Conclusion: Antofagasta is maintaining its 2025 production and cost guidance after a robust H1 performance.
Caledonia Mining (CMCL LN) 1,560p, Mkt Cap £294m – Record Q2 gold output prompts increased 2025 production guidance
- Following record Q2 production at its Blanket gold mine in Zimbabwe, Caledonia mining has raised its full-year production guidance for 2025 to 75-79,500oz of gold production from the previous 74-78,000oz guidance range.
- Record Q2 output of 21,070oz followed a record Q1 performance of 18,671oz of gold bringing year-to-date output to 39,741oz – “a 5.1 % increase on the 37,823 ounces produced in the first half of 2024”.
- Acknowledging what he described as “the dedication and hard work of our team … [Chief Executive, Mark Learmonth said that the H1 production at the Blanket mine] … has exceeded our expectations”.
- Mr. Learmonth said that the “Blanket Mine continues to provide a solid foundation for growth. As we move forward, we are confident that it will continue to be a cornerstone of our success”.
- In June, Caledonia Mining reported that infill and resource expansion drilling at the Blanket mine had intersected a potential new orebody and had also demonstrated depth continuity of the existing Blanket and Eroica orebodies at “better than expected” grades and widths.
- Results from the drilling are expected to contribute to an updated MRE (Mineral Resource Estimate) which is expected to be released later this year.

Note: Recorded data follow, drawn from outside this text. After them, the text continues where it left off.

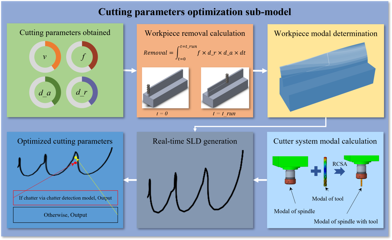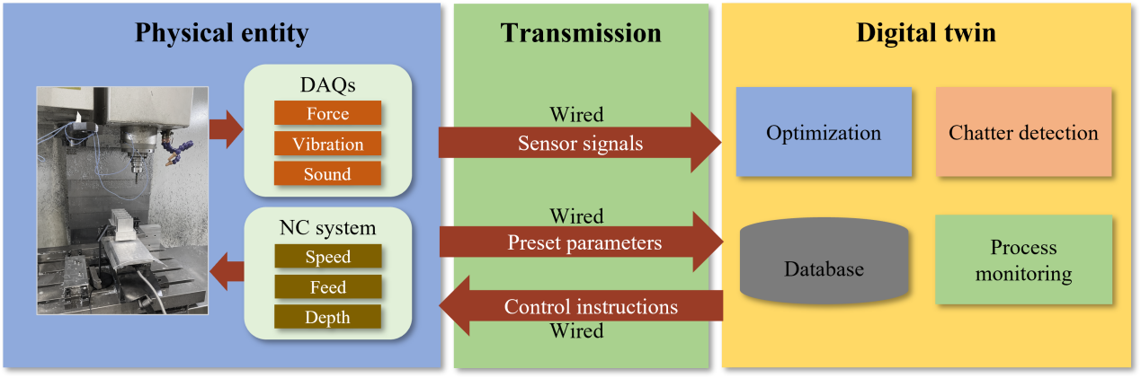 机床的颤振是影响加工精度和工件质量的重要因素,然而,精密加工中的颤振预测及其特征分析仍然有待解决。针对上述问题,开云线上(中国)网页版深圳国际研究生院先进制造团队的王晓浩、冯平法、张旻、冯峰等教师展开了一系列数字孪生技术助力数控机床领域发展的研究工作。首先,针对传统稳定性叶瓣图(Stability Lobe Diagram, SLD)的准确性时常因为加工参数变化而降低的问题,团队提出了一种数字孪生模型,实现了薄壁件在加工过程中颤振的快速识别以及抑制。数字孪生模型由三个部分组成:物理机床及其加工过程、对应的孪生体和两者之间的数据传输。在加工过程中,切削力、主轴振动、切削噪音等传感器信号和转速、进给、切深等数控系统设定参数通过有线的方式传输至孪生体。在孪生体中,颤振识别和优化模型对上述数据进行分析,计算出可抑制颤振发生的加工参数并反馈指导机床加工。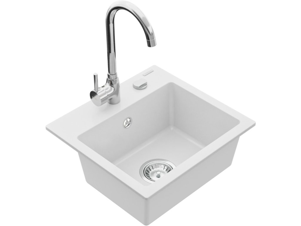 MEXEN/S - Milo granitový dřez 1-miska včetně baterie Telma, bílá 6505-20-670200-00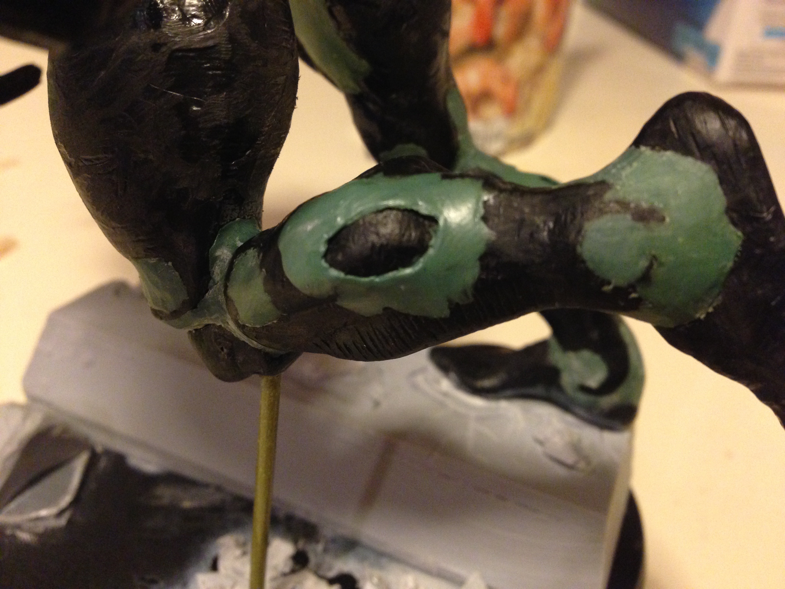 Fantastic idea and great execution! I wouldn't stress about the support rod for the leg. You're probably the only one that will notice, everyone else will be looking at the giant freaking Grotesque!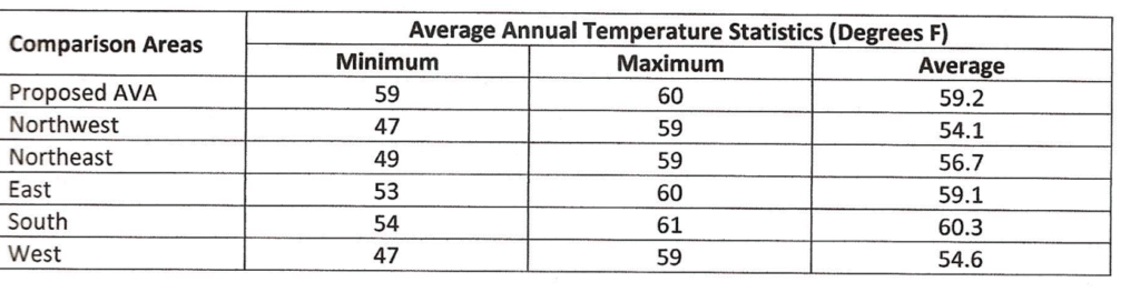 Le tableau ci-dessous illustre les températures annuelles moyennes des zones de comparaison. En général, les zones ouest, nord-ouest et nord-est sont plus fraîches que l’AVA de et présentent une plus grande amplitude thermique moyenne (tableau 5). La zone sud est plus chaude que l’AVA de tryon foothills , les températures augmentant progressivement vers le sud. La zone de comparaison est présente une température annuelle moyenne approximativement identique à celle de l’AVA proposée, mais une température minimale moyenne bien inférieure en raison de la présence des montagnes du Sud, plus élevées à l’intérieur de ses limites.

- Our analysis of previous MREs and production data shows that the Blanket mine has been successful in replenishing mineral resources with the addition of ~1.2m oz of ‘Measured & Indicated’ resources between its January 2020 and December 2023 MREs more than offsetting ~300koz of production and increasing the total resource inventory from ~900koz to ~1.8moz.
Conclusion: Record production from the Blanket mine in each of the H1 2025 quarters has prompted a rise of ~1-1.5koz in full year production guidance, which is now in the range of 75-79,500oz.
*SP Angel mining analysts have visited Caledonia’s mining operations in Zimbabwe
Critical Metals plc (CRTM LN) 0.4p – Refinancing and share capital reorganisation at 2p/s to fund drill campaign for copper at the Molulu mine in the DRC
- Critical Metals report the refinancing and reorganisation of their capital structure to enable the funding of drilling at the Molulu copper mine in the DRC.
- The subscription of £956,482 at 2p/s adds 47.8m new shares will also be used for general working capital as well as the Molulu drill campaign.
- NIU Invest SE, run by Austrian entrepreneur, Cevdet Caner, is investing. The company has also financed Phoenix Copper.
- The company is also offering 23.6m new shares to retail shareholders.
- NIU invested £1,000,000 in a convertible loan note issued in April with a further £628,913 invested as convertible loan notes including £105,000 as a bridge financing last August, £350,000 in September and a further £173,913 in December.
- NIU will hold 55m shares representing 53.95% of the enlarged share capital. This rises 78.5m shares representing 77.2% of the enlarged share capital if retail investors take up no shares in the current retail offering.
- Molulu copper, cobalt mine (DRC)
- Management had targeted 10,000t per month of copper oxide ore though this was hampered by seasonal rains and the need for more geo-technical groundwork and drilling. The company will focus on an extensive drilling campaign for the rest of 2025.
- The team are now more focussed on higher-grade sulphide ores below the oxide zone following the discovery of an 8.3% copper sulphide ore sample.
- Management previously rehabilitated the road connecting the property to several ore buyers’ processing plants to save substantially in contract trucking costs and enable the use of larger 40-50t tipper trucks.
- Shares: After the retail offer, Critical Metals will have around 102m shares following the transaction.
- the Company is further seeking authority at the General Meeting for the Directors to allot all the 95,024,558 New Ordinary Share (“New Admission Shares”) and 12,100,000 warrants over New Ordinary Shares at 0.0005p per New Ordinary Share.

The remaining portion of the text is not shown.